In their new report, UN investigators once again accuse them of having “committed massive violations of human rights and international humanitarian law, many of which can be assimilated to war crimes and/or crimes against humanity “, including torture, rape, sexual slavery and persecution based on ethnicity and gender.
The RSF are in particular “responsible for large-scale sexual violence in the areas they control,” the statement said.
“The vast majority of cases of rape and other forms of sexual violence documented” in the report are attributed to the RSF and, for the Darfur region, to their allies, the Janjawid militia, he underlines.
The report also mentions “a few cases” involving the army, including military intelligence services. He notes that internally displaced civilians tend to flee to areas controlled by the army, “where it is more difficult for them to denounce” violations committed by the military.
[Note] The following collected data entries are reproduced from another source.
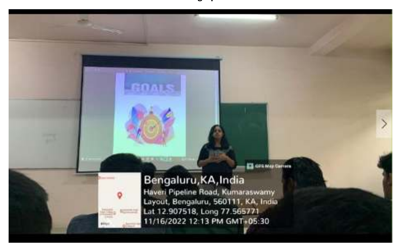
Pic 1: Sushma explaining about goals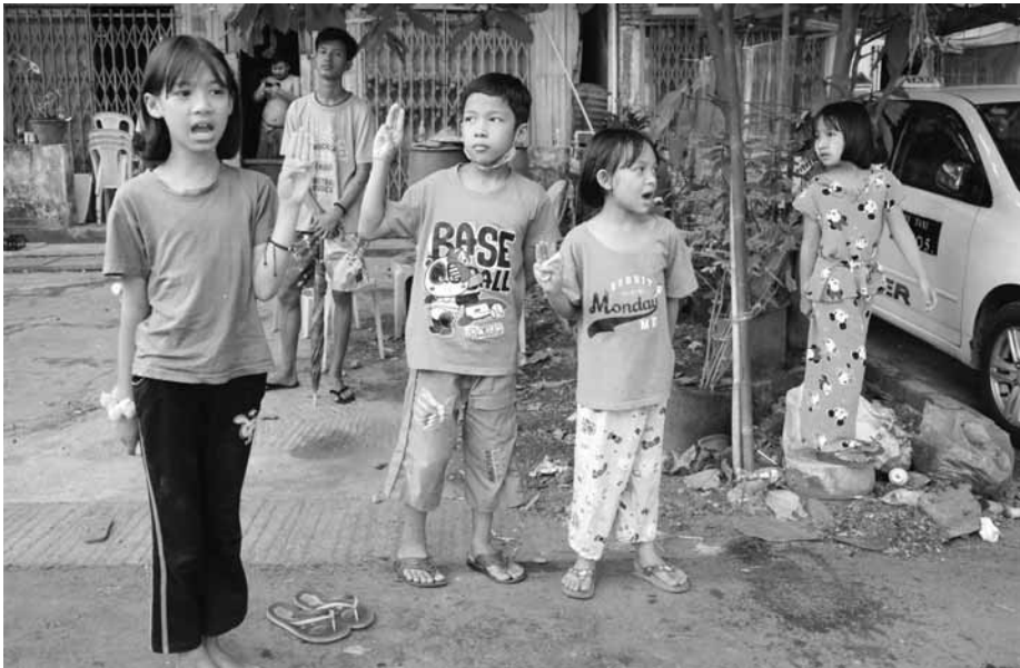
Children flash the three-fingered symbol of resistance as they join an anti-coup protest in Yangon on Saturday

On Wednesday, attacks were launched on opponents of military rule in the towns of Kalay and Taze in the country's north. In both places, at least 11 people — possibly including some bystanders — were reported killed. Security forces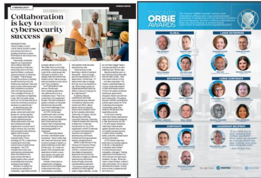
Full page ad

The fact-finding mission also received “credible information” regarding the rape of men and boys.
“Without accountability, the cycle of hatred and violence will continue. We must end impunity,” said mission member Joy Ngozi Ezeilo.
Investigators also call for the arms embargo on Darfur to be extended to the entire country. They also ask the authorities to cooperate with the International Criminal Court and hand over former dictator Omar al-Bashir to it.